New courses are offered each year that can satisfy the requirements. At the same time, only a few of the courses in the list of approved courses and the list of suggested courses are regularly reoccurring. Given the broad selection of qualifying courses that has been available at UT Austin for years, this academic vibrancy is ultimately a strength of this Certificate. If you are taking a course that you believe *should* count for the DH requirements, please fill submit a new course.

To earn the Certificate, students must take 18 credit hours:

(I) An introduction to Digital Studies (3 credit hours).

A survey course that is an introduction to Digital Humanities. Please note that these courses are not offered every semester.

(II) Methods and Topics-based courses (12 credit hours). 
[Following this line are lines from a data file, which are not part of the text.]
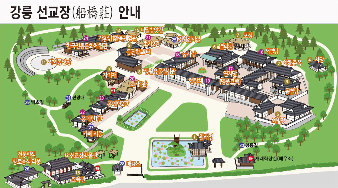 선교장(船橋莊)은 예전엔 집 앞이 경포호수였으므로 배로 다리를 만들어 호수를 건너다녔다. 이 유서 깊은 전통가옥에 ‘배다리[선교(船橋)]’라는 이름이 붙은 까닭이다. 선교장은 효령대군의 11대손인 이내번(1703~1781)이 건립한 조선 후기의 전형적인 상류 주택이다.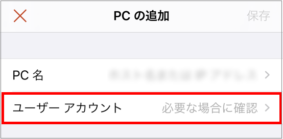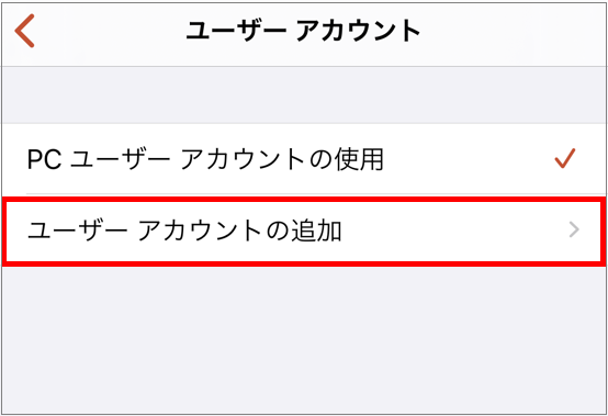 画面左上の「<」をタップし、「PCの追加」画面に戻り「ユーザー アカウント」をタップします。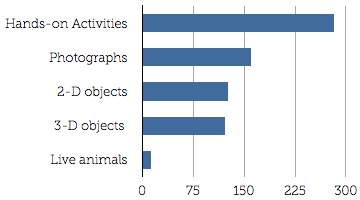 What kinds of traveling exhibits are there? A lot. The Traveling Exhibitions Database (TED) is a database of 768 current traveling exhibitions which are available to U.S. museums. Here’s how they are distributed by category: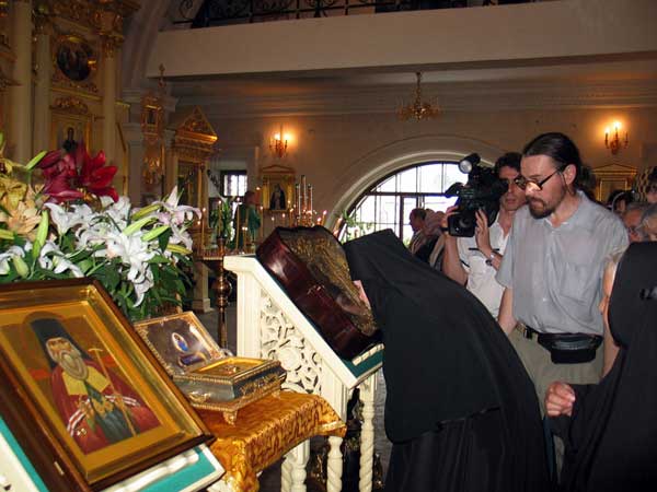 В 16.00 святыни были торжественно принесены в Крестовоздвиженский собор г. Казани, где были встречены собором городского духовенства, после чего перед ними был отслужен молебен.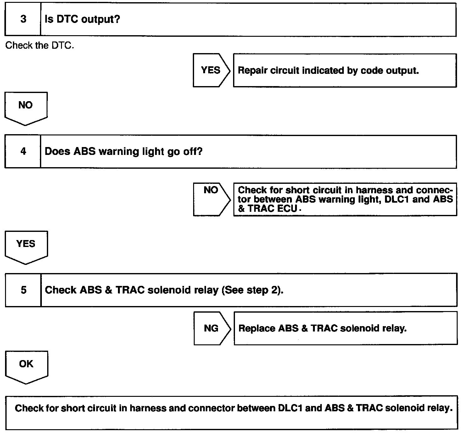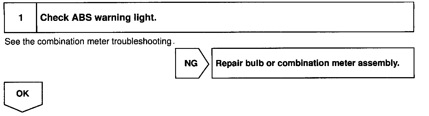 If the ECU has detected a trouble, it lights the ABS warning light and prohibits the ABS control at the same time. At this time, the ECU records a DTC in the memory.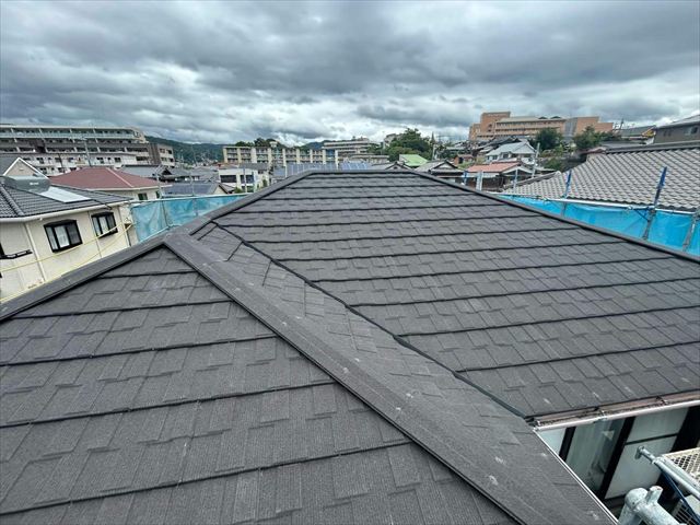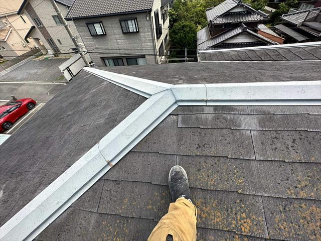 棟板金を取り付けたら、カバールーフ工事の完了です。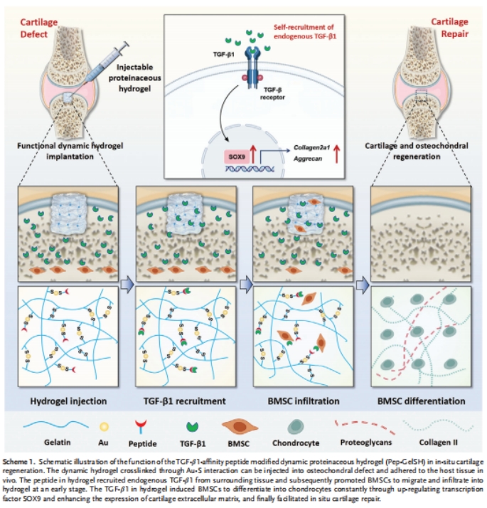 文章题目:Dynamic Proteinaceous Hydrogel Enables In-Situ Recruitment of Endogenous TGF-β1 and Stem Cells for Cartilage Regeneration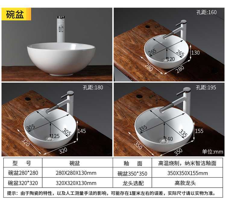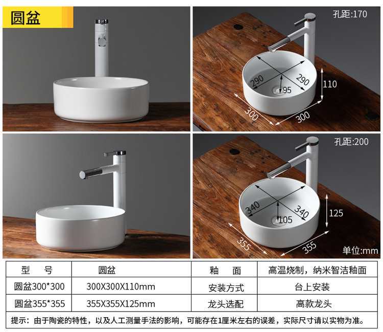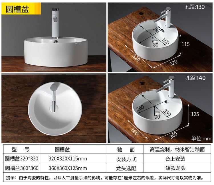 春树小尺寸台上盆洗手盆超小号小型阳台面盆陶瓷小户型迷你洗脸盆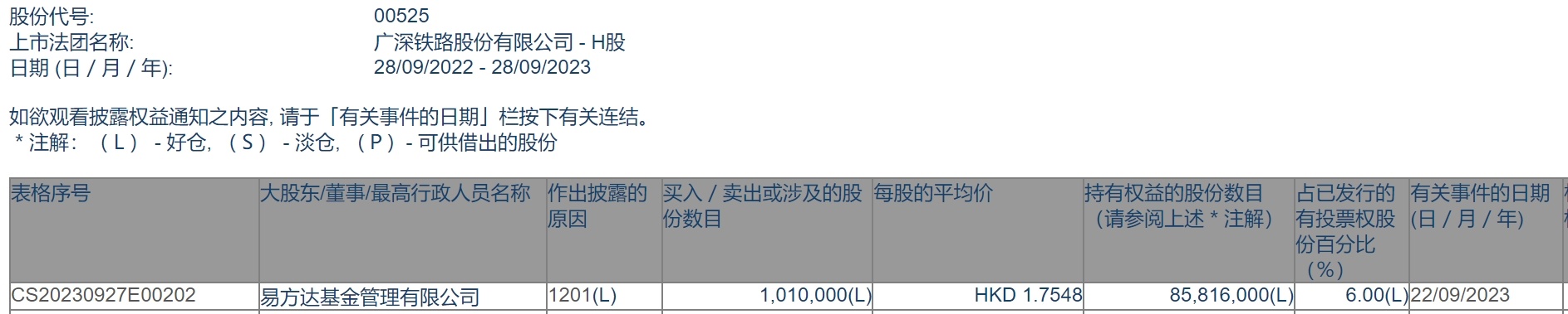 智通财经APP获悉,香港联交所最新资料显示,9月22日,易方达减持广深铁路股份(00525)101万股,每股作价1.7548港元,总金额约为177.23万港元。减持后最新持股数目为8581.6万股,最新持股比例为6.00%。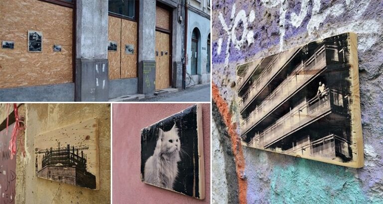 Photographer Ania Ciotlaus from the city of Cluj, Romania loves street photography as well as experimental printing. Wood transferring in particular is a real passion of hers. One of the aspects of this type of printing is that each transferred image is uniquely textured due to the grain of the wood, therefore giving each print added depth and interest. The citizens of Cluj are particularly lucky that Ania lives in the city as she is currently sharing her art on its walls for people to find and take home! What a lovely thing to do. Take a look at her awesome pieces below!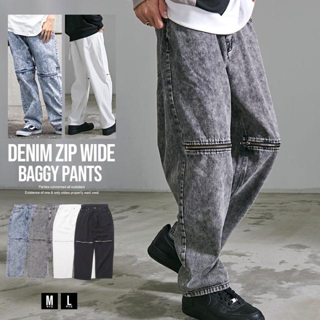 デニムパンツ メンズ ブランド おしゃれ 膝ZIP ワイドパンツ カジュアル 大きいサイズ バギーパンツ ケミカルウォッシュ加工 ストリート ストリート系 春 夏 秋 冬 秋冬 ブルー ブラック ホワイト 青 黒 白 CavariA キャバリア 大人 ファッション 男性 男 父の日 父の日ギフト 父の日プレゼント 20代 30代 40代 メンズファッション 東京 プレゼント 誕生日 記念日 贈り物 ギフト配送について

  • (a) At least one methods-based course (3 credit hours).The second requirement can be fulfilled by taking a range of courses within and beyond the student’s fields of specialization. Courses might emphasize the acquisition of methods in digitization techniques (XML, OCR, image scanning and processing, GIS), archive building, computer programming, visualization for various applications such as textual data set mining and statistical analysis, data organization, working with new media, or the creation of software applications. 
  • (b) At least one course in digital humanities and cultures topics (3 credit hours). This requirement includes courses that are more topics-based and may or may not include hands-on application of technologies. These courses are often about digital cultures and phenomena (e.g., social media, AI, the gig economy, electronic literature or archives).
  • (a or b) Two digital humanities *or* cultures topics course (6 credit hours). This requirement can be chosen from the above two lists.
See the list of approved courses and the list of suggested courses.
*Or other courses from an approved list. Contact certificate director.

 

(III) A capstone course involving project-based Digital Humanities work (3 credit hours). The three-credit capstone course must feature project-based work, and will be approved by the DH Certificate Program Director for each student completing the Certificate. Independent studies, honors theses, or and research apprenticeships grounded in Digital Humanities work that constitute a DH project may satisfy this requirement. See more information in the "capstone" tab above.

   
 

Requirements:

  1. At least twelve hours of course credit towards the certificate must be completed before the capstone course can be counted towards the certificate.
  2. The capstone proposal form is due in the semester before the capstone project is to take place.  Available in both Word and PDF format.  Send to certificate director tclement (at) utexas.edu.
  3. The capstone evaluation form is due at the end of the semester in which the capstone project was completed. 

A short list of capstone courses are listed on the approved courses list, but there are many other courses that can count towards this requirement as long as at least 60% of the course grade is dedicated to the student's project. The certificate director will consider the capstone course submitted on the proposal form in the semester before the capstone takes place. What counts will vary based on the student's home department but some examples might include departmental Honors Program Honors Tutorial Courses as listed on the College of Liberal Arts undergraduate Academic Policies and Procedures website at http://catalog.utexas.edu/undergraduate/liberal-arts/academic-policies-and-procedures/ Please note that most capstone courses also have their own proposal process. 

 

Proposals from instructors and from students to include courses in the DH certificate are welcome at any time. Please note that the form will ask proposers for the course number and title, to make a case for which requirement the proposed course fulfills, and to upload a syllabus for the course that sufficiently demonstrates the course's components including readings, assignments, and other activities. The certificate faculty advisor will respond to your request as soon as possible.